--- Material provided Enclosed Below ---
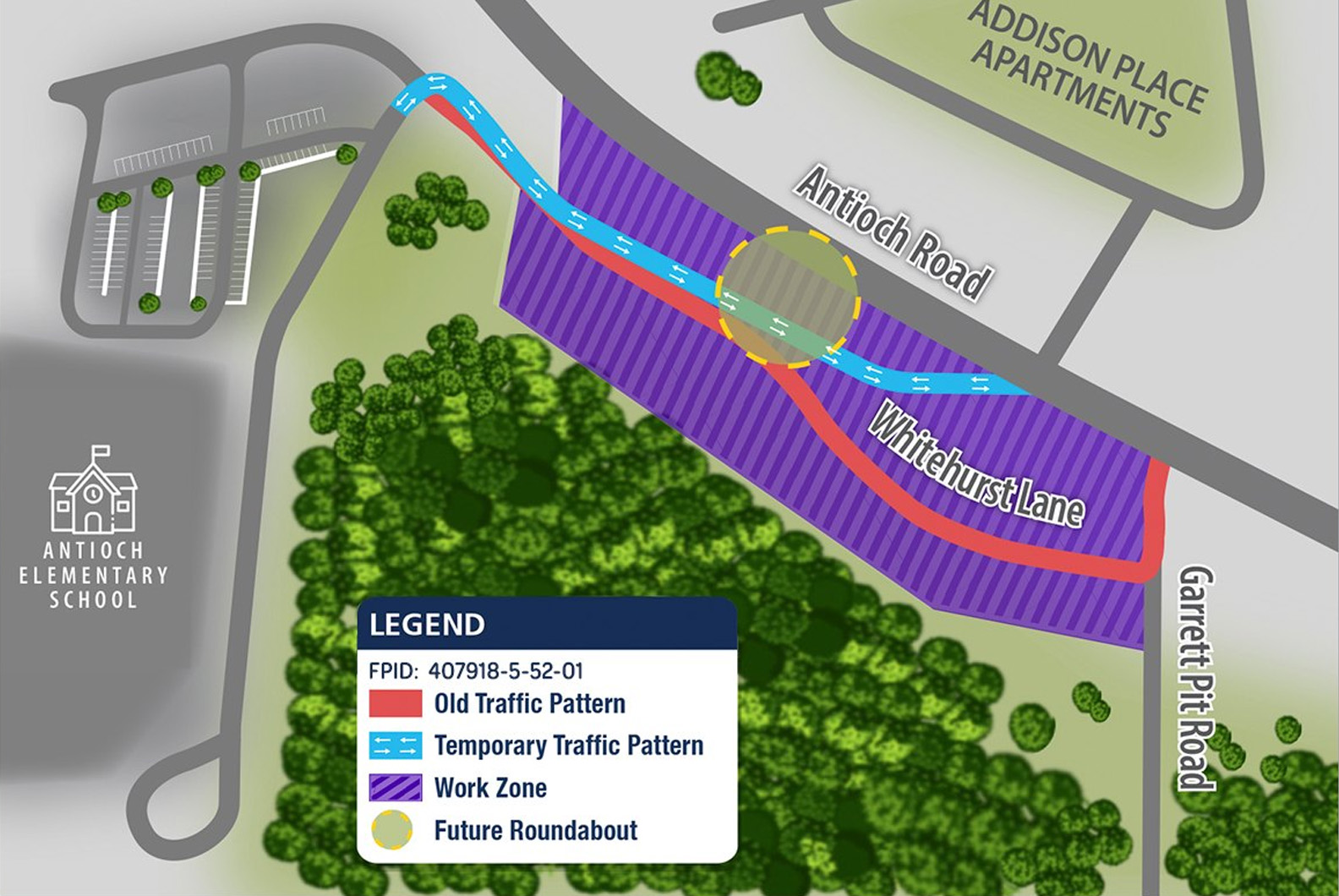 - The new traffic configuration is scheduled to be in place by Friday, July 18 at 6 a.m. The traffic shift will allow construction crews to build the future roundabout on Antioch Road.
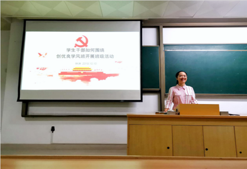 林琳详细解析了诚毅学院“优良学风班”“优良学风标兵班”评选实施细则;指导学生干部如何围绕创优良学风班制定阶段性的班级目标、撰写创建优良学风班计划书,如何根据班级情况开展针对性的班级学风活动等。她认为,学生干部作为联系教师和学生之间的桥梁和纽带,是创建优良学风班活动中的组织实施者,应在学风建设中起到良好的模范带头作用。因此,必须将学习态度端正、学习成绩优异、乐于为同学服务等作为学生干部选拔任用的重要条件,引导学生干部认识到只有专业学习能力强、学习成绩好、勤奋刻苦、钻研创新才能在同学中树立威信,更好地带领班级同学为营造良好班风学风而努力奋斗。
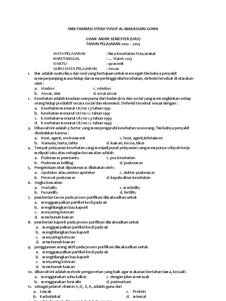 Kumpulan soal gizi smk keperawatan.pdf. Download Contoh Soal Uji Kompetensi Kesehatan Masyarakat Pdf PDF 1000 MB - SamPDF SamPDF Sukses Ukom Episode 9 Kunci Soal Uji Kompetensi Sukses Uji Kompetensi harus menggunakan strategi Sukses di Uji. Soal Teori Kejuruan STK Keperawatan UN-UNBK SMK 2018 yang sangat adik-adik siswa SMK butuhkan saat ini guna sebagai bahan perbekalan untuk menghadapi UNBK SMK tahun ajaran 20172018 nantiyang hubungannya dengana postingan kali initak lain motivasi buat meningkatan daya belajar yang harus agak diketatkan agar meraih proses yang menyenangkan dalam setiap lembar. X smk mak i Tugas guru yang paling utama terkait dengan RPP berbasis Kurikulum 2013 adalah menjabarkan silabus kedalam.
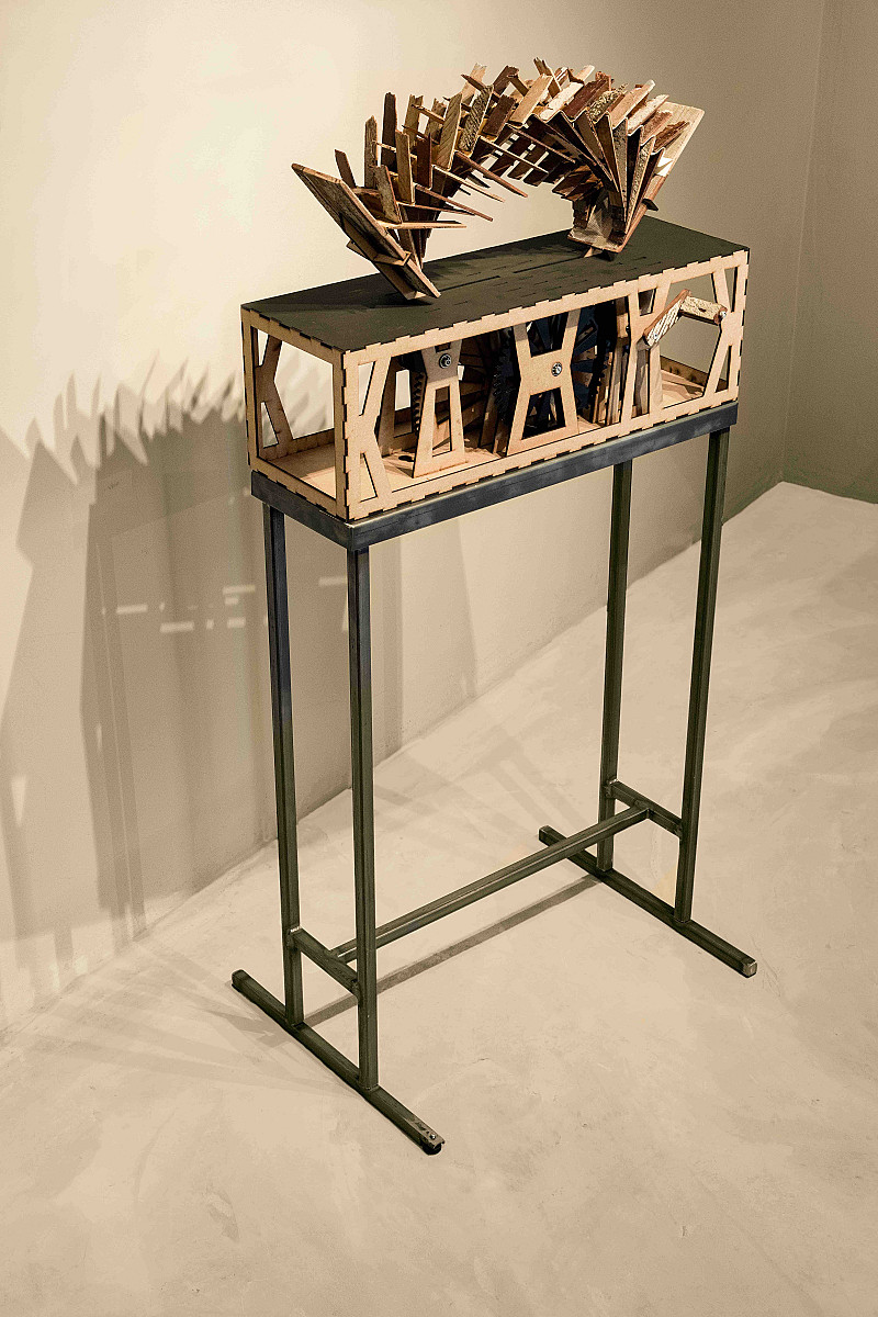 Floor uprooting device I and II, Emma Willemse , Artist's book made from discarded parquet floor blocks, paper and scrim; mechanised stand made from steel, wood and plastic
--- End of Enclosed Material provided ---
● Work item
Set the listing down exactly, without its pictures.

● Response to the task
 - The new traffic configuration is scheduled to be in place by Friday, July 18 at 6 a.m. The traffic shift will allow construction crews to build the future roundabout on Antioch Road.
 林琳详细解析了诚毅学院“优良学风班”“优良学风标兵班”评选实施细则;指导学生干部如何围绕创优良学风班制定阶段性的班级目标、撰写创建优良学风班计划书,如何根据班级情况开展针对性的班级学风活动等。她认为,学生干部作为联系教师和学生之间的桥梁和纽带,是创建优良学风班活动中的组织实施者,应在学风建设中起到良好的模范带头作用。因此,必须将学习态度端正、学习成绩优异、乐于为同学服务等作为学生干部选拔任用的重要条件,引导学生干部认识到只有专业学习能力强、学习成绩好、勤奋刻苦、钻研创新才能在同学中树立威信,更好地带领班级同学为营造良好班风学风而努力奋斗。
 Kumpulan soal gizi smk keperawatan.pdf. Download Contoh Soal Uji Kompetensi Kesehatan Masyarakat Pdf PDF 1000 MB - SamPDF SamPDF Sukses Ukom Episode 9 Kunci Soal Uji Kompetensi Sukses Uji Kompetensi harus menggunakan strategi Sukses di Uji. Soal Teori Kejuruan STK Keperawatan UN-UNBK SMK 2018 yang sangat adik-adik siswa SMK butuhkan saat ini guna sebagai bahan perbekalan untuk menghadapi UNBK SMK tahun ajaran 20172018 nantiyang hubungannya dengana postingan kali initak lain motivasi buat meningkatan daya belajar yang harus agak diketatkan agar meraih proses yang menyenangkan dalam setiap lembar. X smk mak i Tugas guru yang paling utama terkait dengan RPP berbasis Kurikulum 2013 adalah menjabarkan silabus kedalam.
 Floor uprooting device I and II, Emma Willemse , Artist's book made from discarded parquet floor blocks, paper and scrim; mechanised stand made from steel, wood and plastic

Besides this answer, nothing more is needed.